Recent NEJM paper on DM: matching and relative importance of predictors

A recent NEJM paper: Risk Factors, Mortality, and Cardiovascular Outcomes in Patients with Type 2 Diabetes

Design: Cohort study- based on registry data
Exposed: diabetes ; non-exposed: no diabetes
FU ~ 5 yr
Outcomes: all-cause and CVD types mortality

  1. They matched ~ 270K diabetes patients with ~ 1.3 million no-diabetes ppl
    What could be the reasons for matching? Confounding control can easily be done with regression. Statistical efficiency and precision? necessary with such large sample size?

  2. They report “relative importance of risk factors in predicting outcomes” as measured by R squared and “explainable log-likelihood”.
    What are the relative merits of standardized coefficients vs. R sq – vs LRT?

Thank you for your thoughts.


“Confounding control can easily be done with regression.”

I’m having trouble accessing the paper, but meds would be confounded with diabetes, and some of these meds have been linked with heart outcomes (some apparently provide a protective effect eg liraglutide? [ref]) If it’s inextricably tangled in this way, is it so easy to handle with regression?

Thank you for your reply.
I agree that meds can potentially play a role in either direction.
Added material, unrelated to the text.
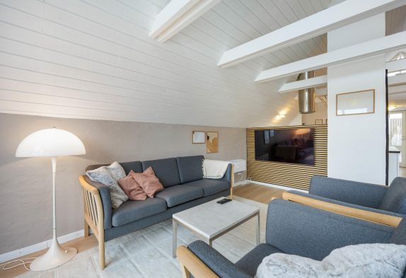 Indretningen gennem hele sommerhuset er lyst og indbydende med et yderst stilfuldt præg. I stuen er der store vinduespartier, der giver et fantastisk lysindfald. Sommerhusets hjerte er det store alrum, hvor loft til kip og den gode indretning tilsammen skaber en hyggelig atmosfære. Det er her hele familien samles og kan nyde kvalitetstid over et spil brætspil.

While type and intensity of treatment w’d be interesting to know, the paper did not explore how control of various risk factors was achieved. The aim was to compare outcomes across number of controlled risk factors no matter how they were controlled.

My question w’d like to invite a discussion on the relative merits of matching (1:5) vs. regression in a cohort study with an impressive sample size.

i’m not well-versed in this topic, but are comments in this thread relevant?: propensity-score-methods-vs-penalized-regression

eg @f2harrell "too many researchers jump to propensity scores when direct adjustment using ANCOVA works fine. "


Yes, thank you. The thread touches on this. It seems to me that for some, matching reached the status of a fetish. It makes a study look “better”, without real benefits but with potential for introducing bias. BBR book has a discussion on this.

1 Like

The first thing I look for is whether the matching process discarded subjects who would have been relevant to the analysis. Then I look to see if the matching algorithm provides the same matches regardless of how the dataset was sorted. If either subjects were excluded or the matching process does not represent reproducible research, then matching should be avoided. There are also other reasons. I’ve detailed much of this in Sections 10.1 and 17.2.1 in BBR.